— Мужики! Вчерась прибыл к нам с Дону казак Илья, сын Иванов, по прозвищу Долгополов. А послал его атаман Разин. Вот оно, долгожданное. Я сам, вы знаете, в грамоте не силен, посему поручаю его моему асаулу. Федька, чти!
Горбун взял письмо, поднялся на пригорок, выпятил грудь вперед и, облизнув губы, начал читать:
— Грамота. От Степана Тимофеича Разина и ево есаулов молотцов. — Еше раз облизнул серые губы. — Пишет вам Степан Тимофеич, всем русским людям, а також татарам и чуваша и мордва и черемисе, што задумали мы поднятся супротив государевых неприятелей и изменников, штобы из Московского государства изменников — бояр, думных дьяков выводить, а в городах воевод и приказных и мирских кровопивцев выводить, а черным людям дать свободу. А хто хочет промыслить, всем итти на Волгу, а с Волги итти на Русь. А все апальныя и кабальныя шли бы к моим казакам, когда я знать дам. — Горбун замолчал, перевернул лист, поглядел на обратную сторону.
— Читай дале!
— А все, мужики. Более ничего не написано.
— Как это все?! — закричали ватажники. — Если будет знак, то когда? И куда иттить? Волга велика. Раз пришел звать — говори.
— Тихо, ватажники! — Атаман поднял руку. — Ватага наша малая, и шел Илья Иваныч, сами знаете, не к нам. Однако все, он нам обскажет. Только не базлайте все сразу. По одному.

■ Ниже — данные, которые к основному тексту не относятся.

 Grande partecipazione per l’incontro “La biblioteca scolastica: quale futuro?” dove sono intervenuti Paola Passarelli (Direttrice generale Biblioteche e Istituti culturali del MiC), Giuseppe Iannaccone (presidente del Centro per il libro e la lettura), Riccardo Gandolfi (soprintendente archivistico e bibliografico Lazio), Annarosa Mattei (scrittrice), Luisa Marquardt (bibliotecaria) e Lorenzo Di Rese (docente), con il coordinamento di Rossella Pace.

— Иде счас Степан Тимофеич? — крикнул кто-то.
— Где сейчас атаман, я не знаю. Расстался я с ним весной. Послал он меня по земле ходить, грамоту эту носить. Велел в Москве побывать.

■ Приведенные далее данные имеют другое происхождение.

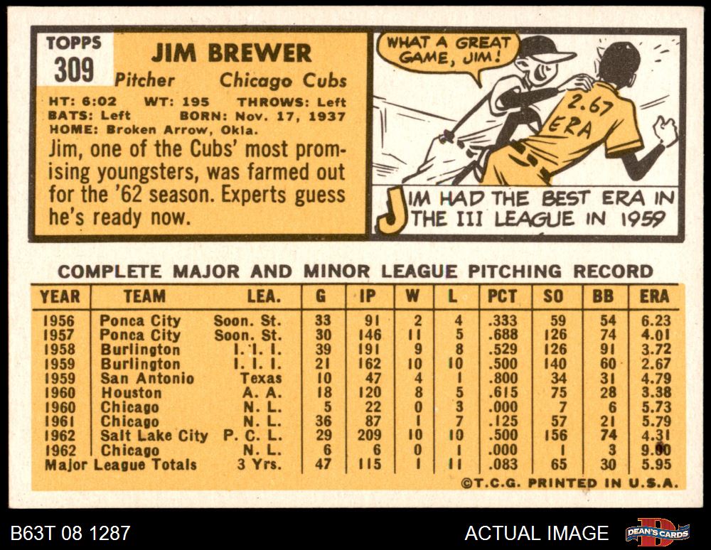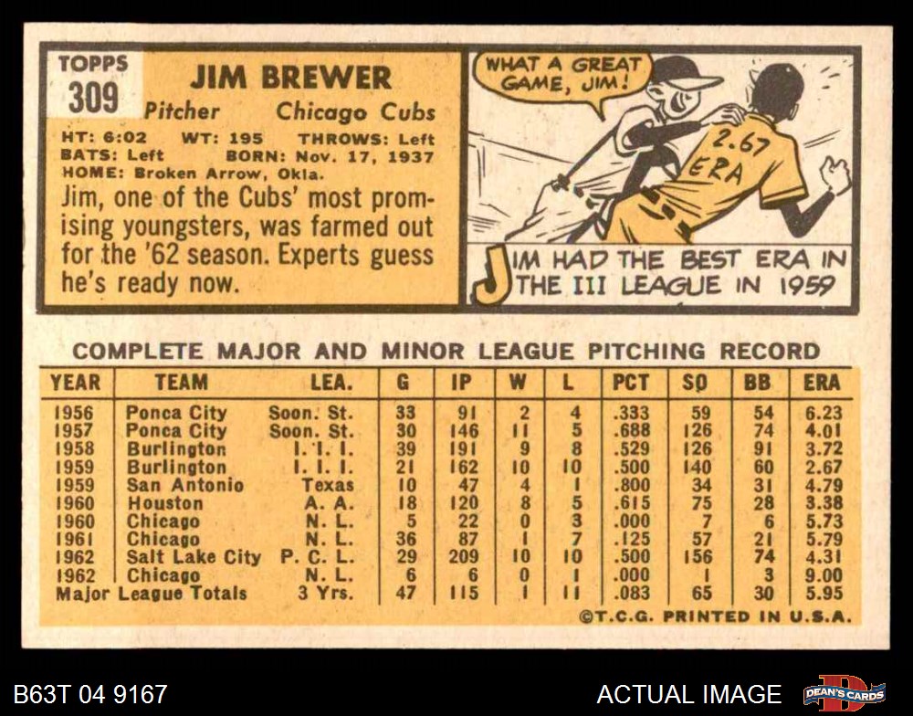 1963 Topps #309 Jim Brewer 8 - NM/MT

— Людей вокруг его много ли?
— Считай сам. Окромя его казаков, обещают быть со стороны атаман Серега Косой, а с ним три тыщи воль-ников. С Терека был гонец от Алексея Протакина. У того две тыши. Чешреста конных привел из Запорожья атаман Боба. И еще много вольных людей идут и идут под Стенькину руку.
— Может, пока ты по земле ходишь, они там уже и на Волгу вышли?
— Не думаю. Зачин такому великому делу не прост. Итти на бояр и воевод без пушек и пищалей немыслимо. Придется вам подождать.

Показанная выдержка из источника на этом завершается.